Think of that next time you go water tubing in the allegedly clean lake |
(CNN) -- A 24-year-old woman in a hospital bed fighting off flesh-eating bacteria has to be told repeatedly -- each time she wakes up -- what has happened, her parents told CNN on Monday.
The medication Aimee Copeland is given leads her to forget each time she falls asleep.
"It's scary to her," said her mother, Donna Copeland. She asks where she is and "doesn't understand."
Yet Aimee Copeland -- who has lost a leg and part of her abdomen to the virulent bacteria and may lose more, including her fingers -- is keeping her spirits strong, her father said. The master's student in psychology at the University of West Georgia was out with friends on May 1 near the Little Tallapoosa River, about 50 miles west of Atlanta, when she grabbed onto a homemade zip line. It snapped.
The accident left her with a gash in her left calf that took 22 staples to close.

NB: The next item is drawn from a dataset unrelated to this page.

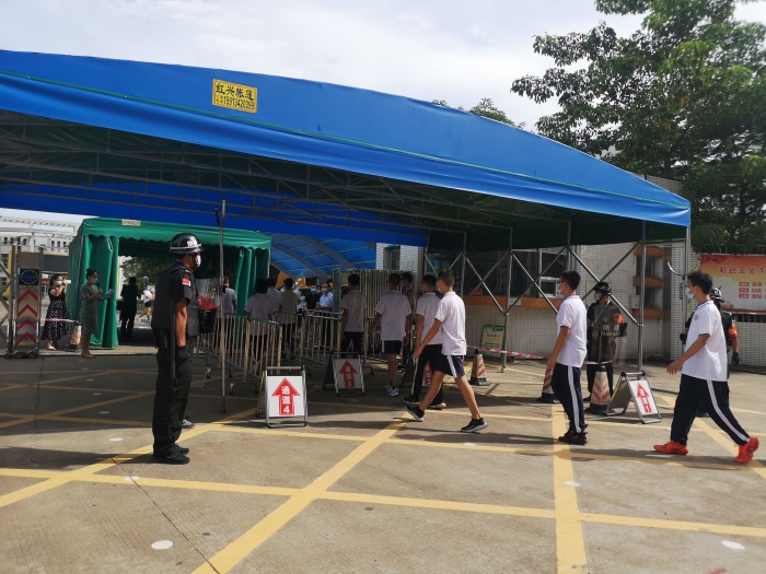 演練活動共分為四個場景,分別是:學生返校進入校園演練、課堂疫情演練、用餐演練及住宿演練。演練模擬了四個場景中可能出現的學生發燒、咳嗽等一系列應急情況,科學、有序開展了應急處理預案,把防疫責任落實到每個負責人身上,為開學后的校園安全和正常教學秩序提供保障。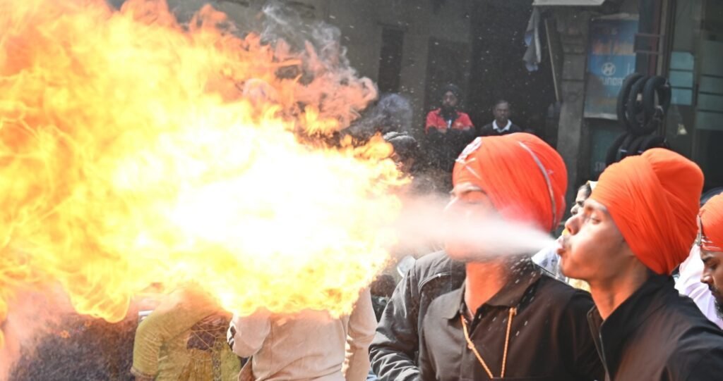 एक नन्हा बच्चा निशान साहिब लेकर सबसे आगे चल रहा था उसके बाद माता साहिब कौर गतका ग्रुप और बहादर खालसा गतका ग्रुप ने अपने गतका के हैरतअंगेज़ प्रदर्शन से संगत को अचंभित किया।

Three days later, when the pain continued, a friend took her to an emergency room, where she was diagnosed with necrotizing fasciitis and flown to Augusta for surgery.
She had contracted the flesh-devouring Aeromonas hydrophila. The bacterium is "remarkably common in the water and in the environment," according to Dr. Buddy Creech, an assistant professor of pediatric infectious diseases at Vanderbilt University.
That is flat out terrifying, to Aimee and her family I sincerely hope for the best in your recovery.
This is what people don't get about my staunch refusal to go swimming in really anything but pools or the ocean. Lakes, Rivers, god forbid ponds, they're disgusting. You go right ahead and wade on into those cesspools. I'll play it safe here on the shore. Everyone thinks I'm being completely irrational but we'll see who's irrational when you scrape your foot on a rock or something and end up having to get your leg amputated. That's horrifying to me.